Vets recommend a low carbohydrate diet for cats (ideally, a cat should get no more than 3%-9% of its calories from carbohydrates). Dry foods (even the high quality ones) contain a lot of carbohydrates and should be avoided when feeding a diabetic cat. You can get canned foods which are specially designed for diabetic cats, but some normal moist foods can be equally good. Manufactures do not have to give the exact amount of each ingredient on the label, which will probably contain the minimum or maximum level listed. But the estimate will never be precise. Janet and Binky tables give excellent nutritional information about both canned foods and dry foods. These include most cat foods found on the market and are kept up to date. If you would like to make your own calculations for home-cooked food follow the formula below:
- Obtain "as fed" or "dry weight" values of protein, fat, carbohydrate, fiber, and phosphorus from the label. Cross check: if you also have values for water and ash, the values of protein, fat, carbohydrate, fiber, ash, and water should add up to 100%.
- Calculate the amount of protein, etc, in 100 grams of food by dropping the percent sign. (Example: if a food is 9.5% protein, 100 grams of that food will contain 9.5 grams of protein.)
- Calculate total calories by multiplying protein by 3.5, fat by 8.5, and carbohydrate by 3.5, and summing the results.

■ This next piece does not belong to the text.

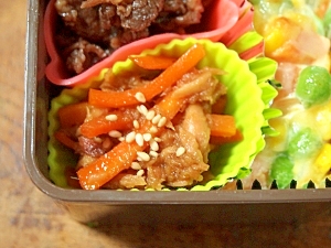 便利すぎる作り置き にんじんとツナの蒸し焼きキンピラ のお弁当 朝時間 Jp
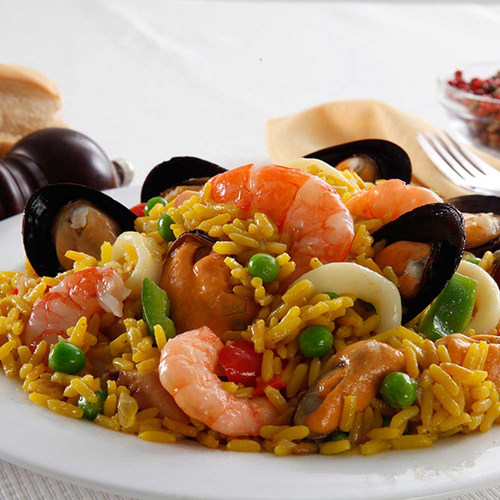 Características: Clásica Paella con riquísimo arroz y con mejillones, camarón, almeja y calamar. Producto de rápida preparación, lista en 7 minutos.

- Calculate the percentage of calories from protein by dividing 3.5*protein by the total calories. Calculate the percentage of calories from fat by dividing 8.5*fat by total calories. Calculate the percentage of calories from carbohydrates by dividing 3.5*carbohydrate by total calories. Cross-check: these numbers should add up to 100%, except for rounding error.
- Calculate grams of fiber per 100 calories by dividing fiber by total calories and multiplying by 100.
- Calculate mg of phosphorus per 100 calories by dividing phosphorus by total calories and multiplying by 100,000. (The extra 1000 is to change the units of phosphorus from grams to milligrams.)
There are some oral medications available for diabetic cats which have medium to long-lasting effect. The best known of theseis Glipizide. These drugs can have some side effects (they sometimes contribute to liver damage and sometimes harm the pancreas as well). Because drugs of this sort work by making the beta cells produce more insulin they only work in early stages of diabetes when the beta cells are still alive to produce insulin. Many cats show no improvement with those drugs and will have to be switched to insulin. Owners often panic at the prospect of injecting their cats, but are surprised to find that most cats tolerate injections better than oral medications.
For most diabetic cats the best regime is a single dose of slow-release insulin administered twice a day, together with a low carbohydrate diet. (Because cats metabolize insulin quickly - faster, for example, than dogs - they usually need more than one jab a day. It is also better for the cat to eat smaller but more frequent meals rather than one big meal. This reduce a risk of a glucose spike. Never medicate your cat till all the tests are done and the vet tells you the appropriate type of insulin and the dose. The vet will also teach you how to inject the insulin. If injections are done well they are quick and completely painless.
Note: This information is for guidance only. It is not intended to replace consultation with a licensed practitioner.